Смирять мечты оказалось больше незачем. Она жила, как привыкла — одиноко и бесславно. Еда и слуги поступали из окрестных деревень — а обратно утекали драгоценности короны и уверенность в завтрашнем дне.
Потом пришло известие о появившемся в окрестностях чудовище. Естественно, от него решили откупиться. Как и положено — принцессой. Беззащитная принцесса, сидящая, будто собака на сене, на грудах драгметаллов и драгкамней, показалась бы наилучшим откупом кому угодно.
С театральными почестями и художественными плачами ее препроводили к пещере, где чудовище проживало. Кстати, оно могло бы поселиться в заброшенном доме неподалеку, но свято блюло традицию, согласно которой чудовища должны жить в пещерах.
Страннее всего было то, что оно здесь проживало, но не ночевало. И не дневало.
Намерзшись и проголодавшись вусмерть, принцесса пошла обратно в замок. По дороге она столкнулась с группой селян, направлявшихся грабить ее сокровищницу. Увидав живую и невредимую принцессу, селяне сперва перепугались, а потом расхрабрились. И расхрабрившись, решили, что сама судьба дает им шанс выяснить, чем принцесса отличается от простой селянки.
Тогда-то чудовище и вышло на свет божий.
Вышло, помахивая гладиусом.
Благодаря этому мечу его и прозвали чудовищем несколько селян, которым довелось расхрабриться месяцем раньше. Они выжили, но к пещере больше не подходили и другим не советовали. Кто ж знал, что чудовище водится не только в пещере?
Накостыляв не вовремя осмелевшим поселянам, Дубина (а это был он, кто же еще) проводил девушку в замок. И по пути объяснил, что нет для одиноких принцесс чудовищ опаснее, чем собственные подданные. Затем вернулся в деревню и навел там порядок, как он, Дубина, его понимает.
После чего еда и слуги резко подешевели. Стали практически безвозмездными.
А потом наступила эпоха говорильни. Дубина то появлялся, то исчезал, объясняя свой график ужасающей занятостью. Конечно, все прекрасные принцы ужасающе заняты! Девушке, которую звали Кордейра,[43] оставалось лишь надеяться, что он не спасает прекрасных дам пачками или хотя бы не женится на каждой спасенной красотке.
Кордейре очень не хотелось оказаться в гареме, среди сотен обожательниц принца-эмчеэсовца.
Когда Геркулес был рядом, они без конца гуляли по стене, коридорам и внутренним дворам замка. И говорили, говорили, выбалтывая друг другу всю свою душу и биографию.

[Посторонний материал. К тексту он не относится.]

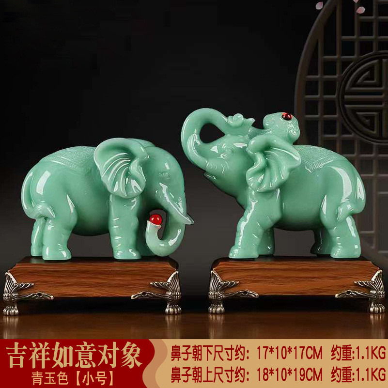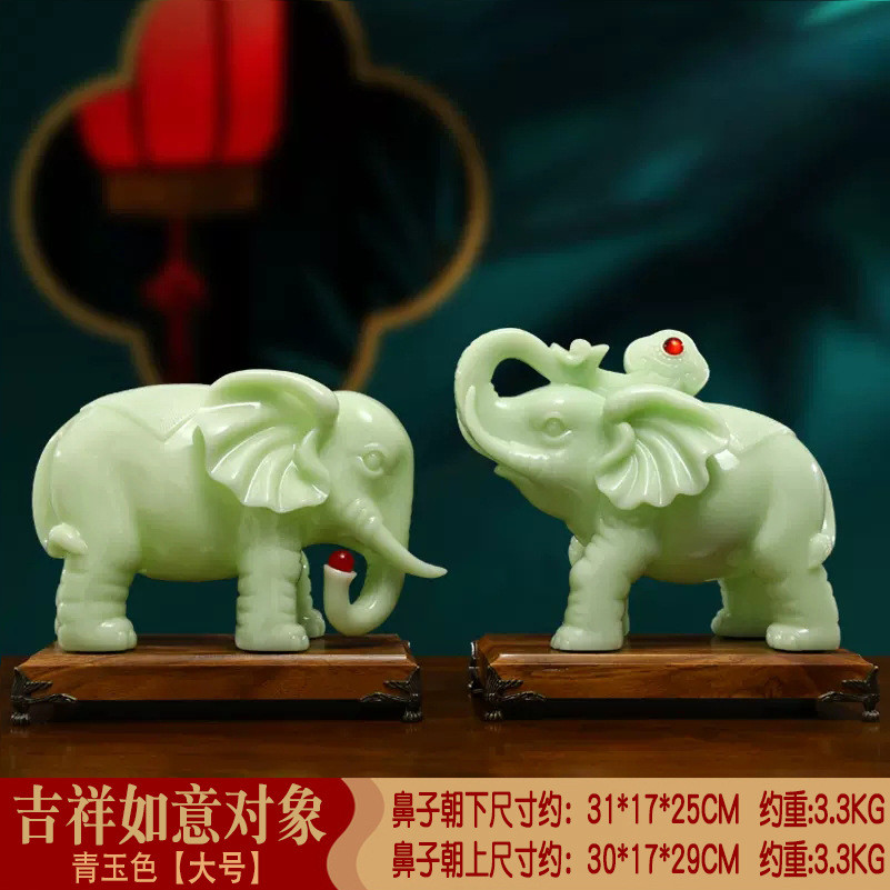 仿玉石大象一对摆件青玉色对象客厅家居装饰品办公室开业礼品乔迁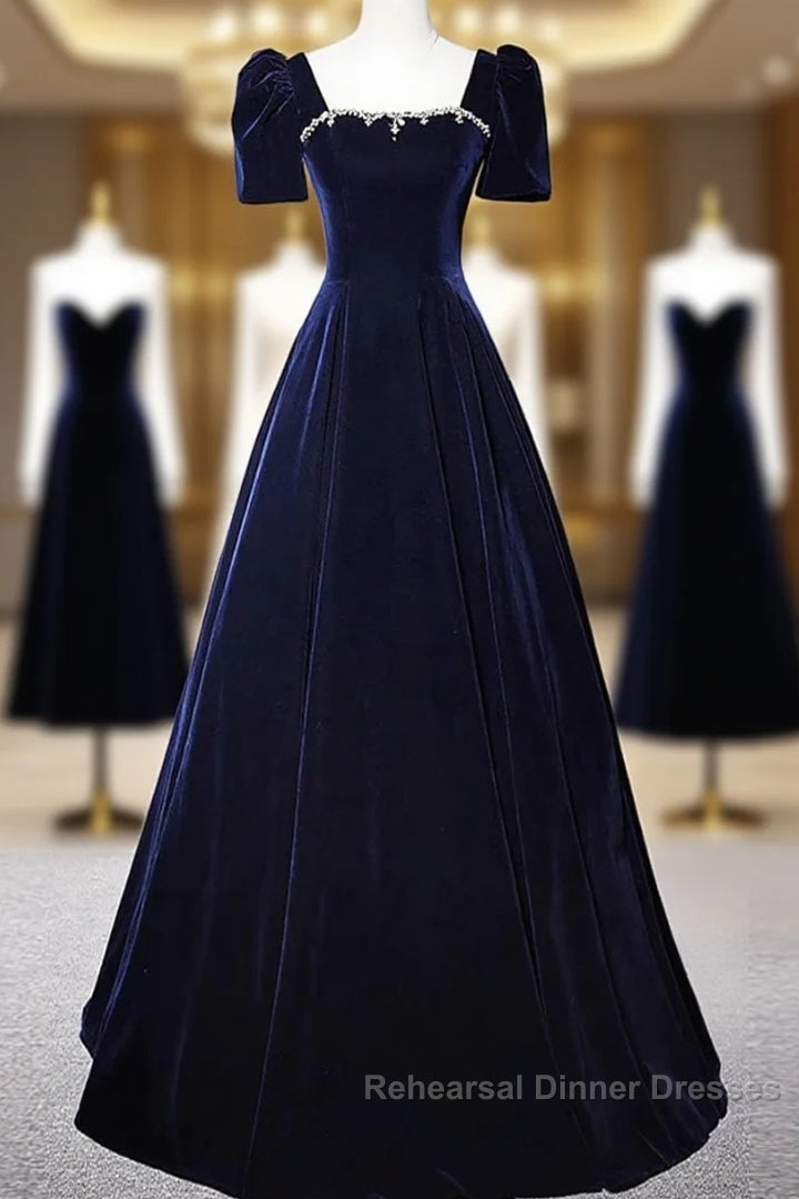 Navy Blue A-Line Velvet Long Evening Dress, Short Sleeves Beaded Semi Formal Prom Dress

Кордейра узнала, что Дубина-таки принц. Но не свободный принц. Сперва она подумала, что он принц-заложник, — и оказалась права. Потом подумала, что он принц-пленник, — и снова оказалась права. Еще через некоторое время она подумала, что он ЖЕНАТЫЙ принц. И тоже не очень ошиблась.
В конце концов, Дубина был фактически женат. На своей работе. А я выполняла роль тещи.
И вот однажды Кордейра уговорила своего возлюбленного свести ее с главной причиной его вечных отлучек. Геркулес привел меня. И сообщил, что я — его хозяйка. Бессрочная и беспощадная.
А теперь Кордейра жалобным голосом интересовалась, за какую сумму и в каких камнях-металлах я согласна продать ее любимого принца…
От собственного хохота я и очнулась.
Кажется, я завидую Викингу. Ей-то ничего не грозит, кроме смертоносных чудовищ и передряг, после которых она в лучшем случае будет залечивать очередные криво зашитые рубцы, а в худшем — переместится еще одним миром выше… или ниже. А к нам мама на Рождество приезжает! Вот уж приключение так приключение…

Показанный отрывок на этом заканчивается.